[Stored items from a collection]
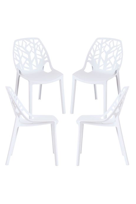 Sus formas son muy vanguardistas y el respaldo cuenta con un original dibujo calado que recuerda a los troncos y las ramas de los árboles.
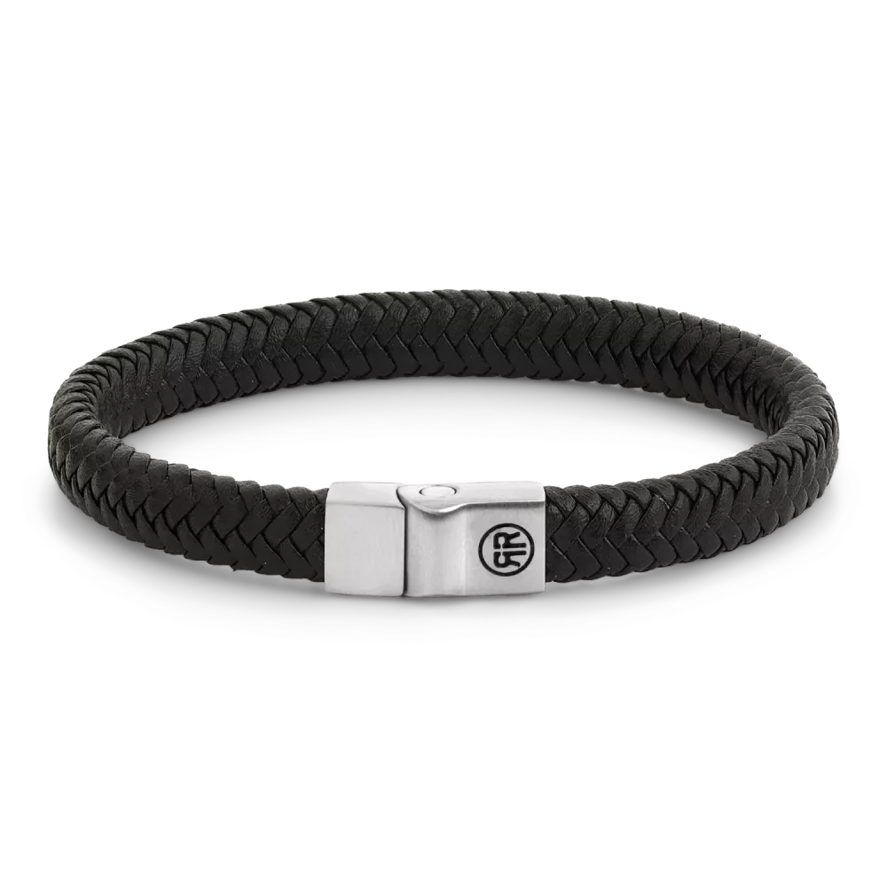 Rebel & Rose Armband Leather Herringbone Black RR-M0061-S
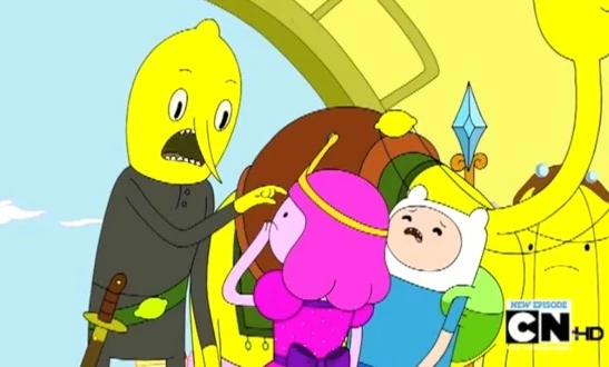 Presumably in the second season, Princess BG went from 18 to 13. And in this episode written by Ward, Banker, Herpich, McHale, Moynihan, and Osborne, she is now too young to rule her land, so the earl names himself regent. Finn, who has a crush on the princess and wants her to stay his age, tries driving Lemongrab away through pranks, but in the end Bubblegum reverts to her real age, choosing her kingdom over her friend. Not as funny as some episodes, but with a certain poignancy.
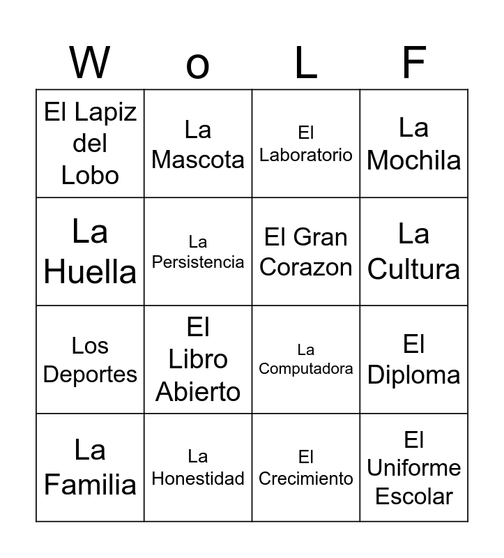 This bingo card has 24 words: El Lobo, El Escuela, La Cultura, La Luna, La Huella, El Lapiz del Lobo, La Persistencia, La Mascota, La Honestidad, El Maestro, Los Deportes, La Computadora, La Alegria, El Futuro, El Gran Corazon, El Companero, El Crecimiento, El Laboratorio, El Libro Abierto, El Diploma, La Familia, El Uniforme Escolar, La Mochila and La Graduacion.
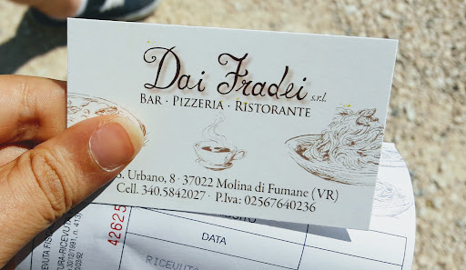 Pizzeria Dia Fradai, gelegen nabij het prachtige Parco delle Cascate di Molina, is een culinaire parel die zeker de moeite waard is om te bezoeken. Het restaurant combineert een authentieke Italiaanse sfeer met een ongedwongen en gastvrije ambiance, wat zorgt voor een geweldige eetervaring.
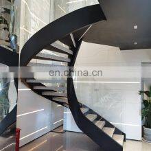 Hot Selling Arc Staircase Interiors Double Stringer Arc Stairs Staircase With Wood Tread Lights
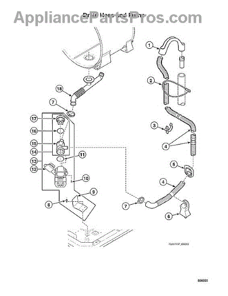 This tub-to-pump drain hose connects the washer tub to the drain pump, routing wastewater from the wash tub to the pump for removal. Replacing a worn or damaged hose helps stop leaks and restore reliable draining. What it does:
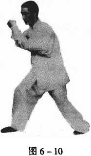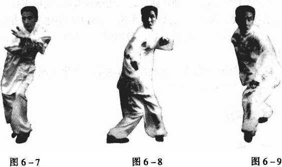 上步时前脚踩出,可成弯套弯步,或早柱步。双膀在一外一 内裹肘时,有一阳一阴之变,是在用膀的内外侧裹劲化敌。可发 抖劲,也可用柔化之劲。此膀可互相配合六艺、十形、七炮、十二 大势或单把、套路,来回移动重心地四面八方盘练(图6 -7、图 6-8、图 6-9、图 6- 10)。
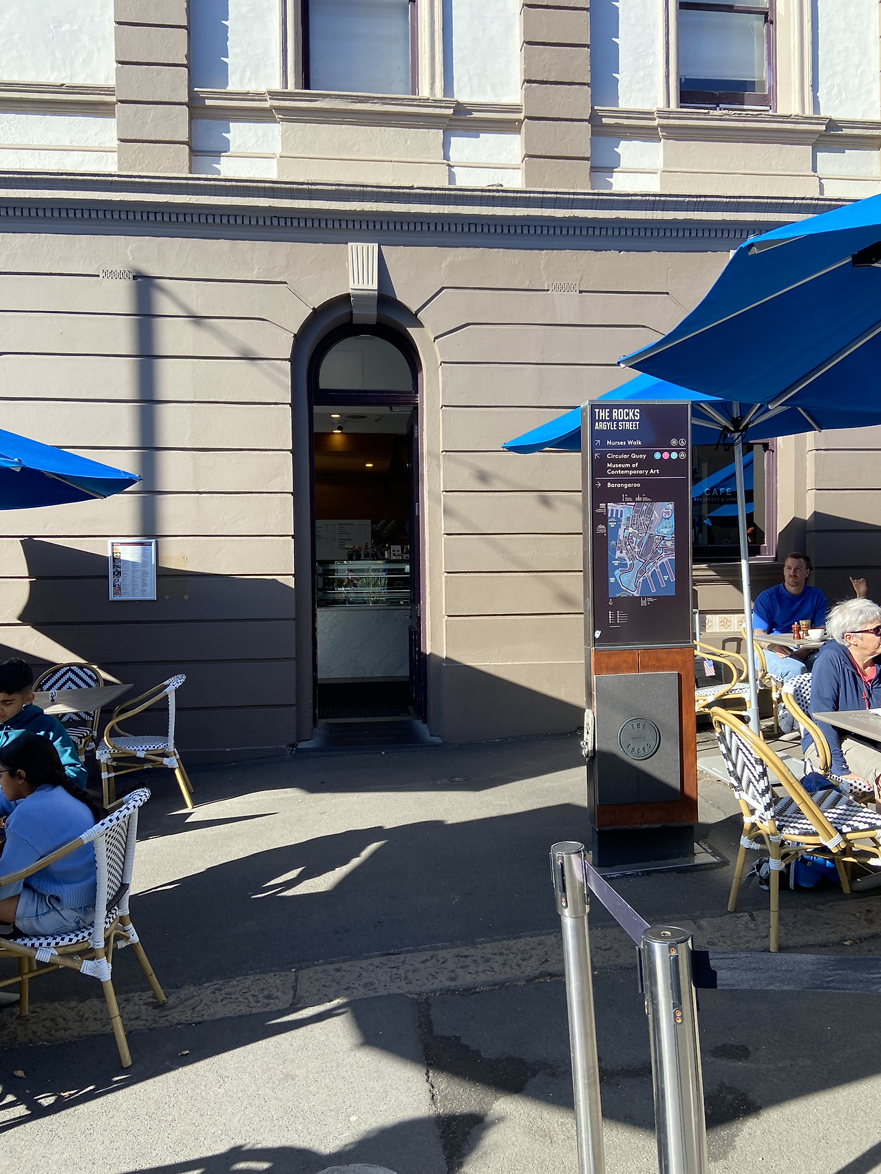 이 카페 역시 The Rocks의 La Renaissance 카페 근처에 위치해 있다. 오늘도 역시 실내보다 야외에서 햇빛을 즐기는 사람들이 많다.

* **WORK REQUEST**
Only the pictures are to be omitted; the records above must otherwise be reproduced exactly.

* **OUTPUT FOR THIS EXERCISE**
 Sus formas son muy vanguardistas y el respaldo cuenta con un original dibujo calado que recuerda a los troncos y las ramas de los árboles.
 Rebel & Rose Armband Leather Herringbone Black RR-M0061-S
 Presumably in the second season, Princess BG went from 18 to 13. And in this episode written by Ward, Banker, Herpich, McHale, Moynihan, and Osborne, she is now too young to rule her land, so the earl names himself regent. Finn, who has a crush on the princess and wants her to stay his age, tries driving Lemongrab away through pranks, but in the end Bubblegum reverts to her real age, choosing her kingdom over her friend. Not as funny as some episodes, but with a certain poignancy.
 This bingo card has 24 words: El Lobo, El Escuela, La Cultura, La Luna, La Huella, El Lapiz del Lobo, La Persistencia, La Mascota, La Honestidad, El Maestro, Los Deportes, La Computadora, La Alegria, El Futuro, El Gran Corazon, El Companero, El Crecimiento, El Laboratorio, El Libro Abierto, El Diploma, La Familia, El Uniforme Escolar, La Mochila and La Graduacion.
 Pizzeria Dia Fradai, gelegen nabij het prachtige Parco delle Cascate di Molina, is een culinaire parel die zeker de moeite waard is om te bezoeken. Het restaurant combineert een authentieke Italiaanse sfeer met een ongedwongen en gastvrije ambiance, wat zorgt voor een geweldige eetervaring.
 Hot Selling Arc Staircase Interiors Double Stringer Arc Stairs Staircase With Wood Tread Lights
 This tub-to-pump drain hose connects the washer tub to the drain pump, routing wastewater from the wash tub to the pump for removal. Replacing a worn or damaged hose helps stop leaks and restore reliable draining. What it does:
 上步时前脚踩出,可成弯套弯步,或早柱步。双膀在一外一 内裹肘时,有一阳一阴之变,是在用膀的内外侧裹劲化敌。可发 抖劲,也可用柔化之劲。此膀可互相配合六艺、十形、七炮、十二 大势或单把、套路,来回移动重心地四面八方盘练(图6 -7、图 6-8、图 6-9、图 6- 10)。
 이 카페 역시 The Rocks의 La Renaissance 카페 근처에 위치해 있다. 오늘도 역시 실내보다 야외에서 햇빛을 즐기는 사람들이 많다.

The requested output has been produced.